When she was the sole survivor of a mass murder, Lydia and her father move away. When Joey commits suicide, Lydia is left behind wondering what had happened to him and why did he have a photo of her when she was 10 and with the murdered girl. As she works to find out more about him, she starts to uncover secrets from her own past.
Of course my main interest for reading this was the mention of a bookstore. Although we start off within Bright Ideas Bookstore, the book takes us to multiple other places in Denver.
I enjoyed the multiple mysteries within the book. I wanted to know about the murder in Lydias childhood. Who Joey was and why did he kill himself in Bright Ideas? Why does Lydia no longer speak to her father? And Sullivan managed to answer all of them by the end.

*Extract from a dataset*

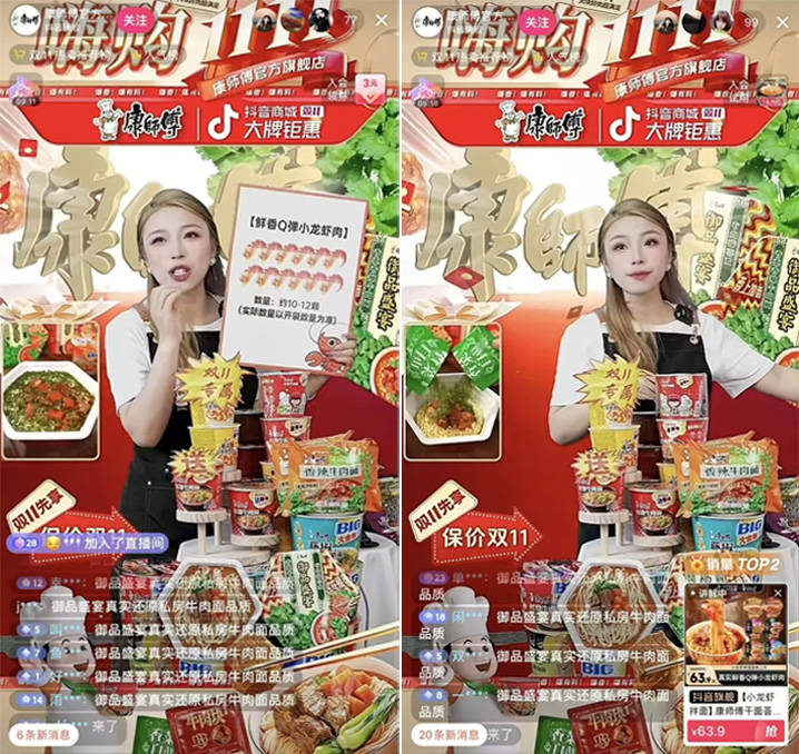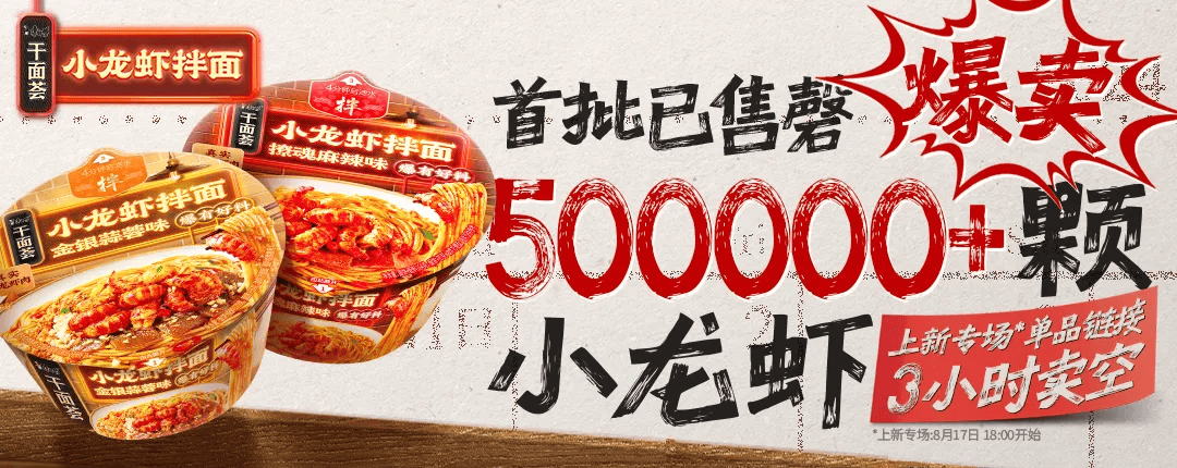 据Morketing的观察,自8月17日康师傅小龙虾拌面在抖音电商平台首发以来,就迅速掀起抢购热潮。消费者在抖音、小红书等社交平台上频频表示“美味好吃”“真材实料龙虾肉”,更是吐槽“销售太火爆”,甚至感叹“泡面都得蹲点直播间抢”。第二波上线后再次速速售罄,如今第三波上线,小龙虾拌面已稳居抖音官方旗舰店销量榜Top 2。
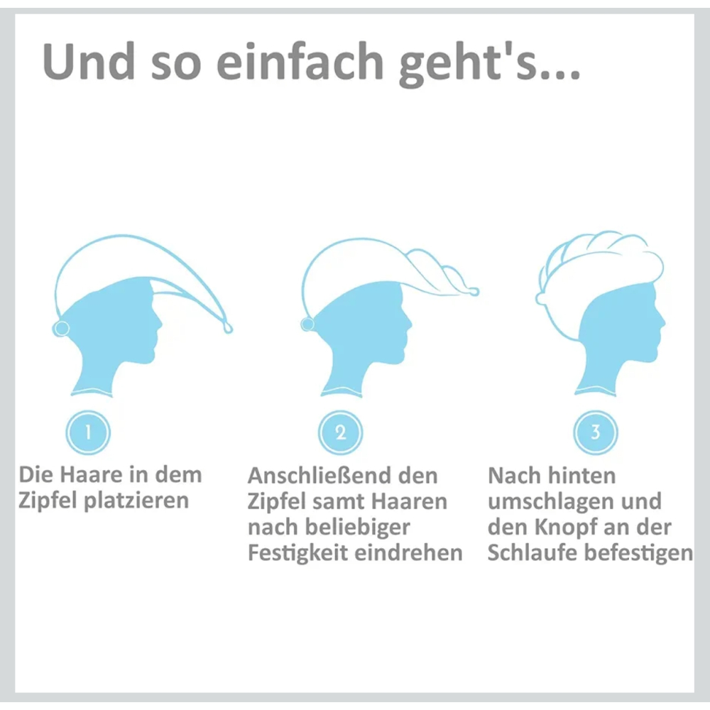 Eenvoudig in gebruik: Plaats de tulband, draai hem, sla hem naar achteren om en knoop hem vast.

The book jumps from past to present, and sometimes changes to someone else’s narrative apart from Lydia. I really enjoyed the time jumps as we got to see all the key moments with all the details. But some of the moments got repetitive as they were then thought about or discussed later on. Although I really liked the book, there were some parts I could skip over because it wasn’t any new information.
There’s a lot of suspense in some parts. Sullivan wonderfully wove the darker and grittier mysteries together as we neared the end. It is a slow start though, so if you do read it, remember to keep going because more questions are raised as you go on. Although, I found the ending to be really abrupt. The drama really ramped up nearing the end and then it just stopped. I wish we could have read about the aftermath a bit more.
I received Midnight at the Bright Ideas Bookstore* by Matthew Sullivan as an e-book from the publisher via Netgalley. This is an unbiased and honest review.